Native American activists are planning to protest President Donald Trump’s Independence Day celebrations at South Dakota’s Mount Rushmore monument, calling it a “symbol of white supremacy.”
Trump is planning an appearance at the historic site, complete with fireworks and a flypast, according to Fox News.
But for some indigenous peoples, the faces of the four presidents carved in stone are a reminder of United States government policies in the late nineteenth century that relocated Natives from their traditional homelands onto reservations. (RELATED: Whoopi Goldberg Is Ready To See More Faces On Mount Rushmore)
“Mount Rushmore is a symbol of white supremacy, of structural racism that’s still alive and well in society today,” Oglala Lakota tribe member and NDN Collective activist Nick Tilsen told Fox News. “It’s an injustice to actively steal indigenous people’s land then carve the white faces of the conquerors who committed genocide.”
Tilsen’s group and others plan to protest when Trump arrives on July 3. They have made no threats to deface the monument.
Vandals have toppled historical statues across the country, beginning with Confederate icons but moving to other American leaders.
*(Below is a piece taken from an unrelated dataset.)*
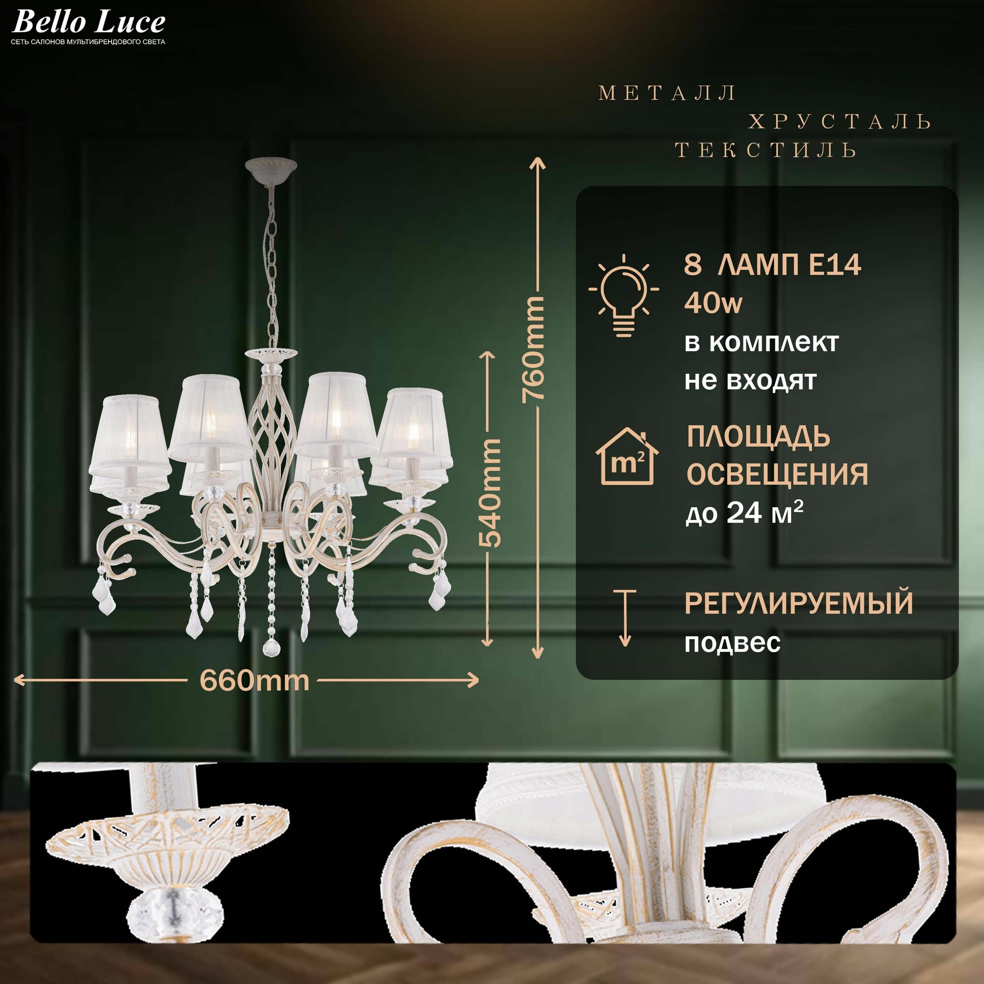 Ниже Вы можете прочитать отзывы на Люстра Классика подвесная белая/золото с прозрачными хрустальными подвесками на 8 ламп E14, белый текстильный абажур, регулировка по высоте, ознакомится с подробными характеристиками, посмотреть интересные обзоры и фотографии на Люстра Классика подвесная белая/золото с прозрачными хрустальными подвесками на 8 ламп E14, белый текстильный абажур, регулировка по высоте.

Democratic New York City Mayor Bill de Blasio announced Sunday that the statue of President Theodore Roosevelt would be removed from the entrance of the Museum of Natural History. Protesters Friday tore down a statue of President and Civil War Gen. Ulysses S. Grant in San Francisco.
Hoover Institution Professor Victor Davis Hanson suggested the people who are toppling statues or demanding that they be removed wouldn’t travel to Mount Rushmore with the same thought in mind. (RELATED: COULTER: Get Ready To See Trump’s Face On Mount Rushmore)
“So if you’re going to take down Teddy Roosevelt at the National Museum, why don’t you go to Mount Rushmore and blow Teddy Roosevelt up? You don’t want to do that because the people in that area of the Dakotas might resist,” he told Fox News’ “Tucker Carlson Tonight” Monday.
Sculptor Gutzon Borglum painstakingly created his masterpiece during the years 1927-41 after South Dakota historian Doane Robinson suggested the idea.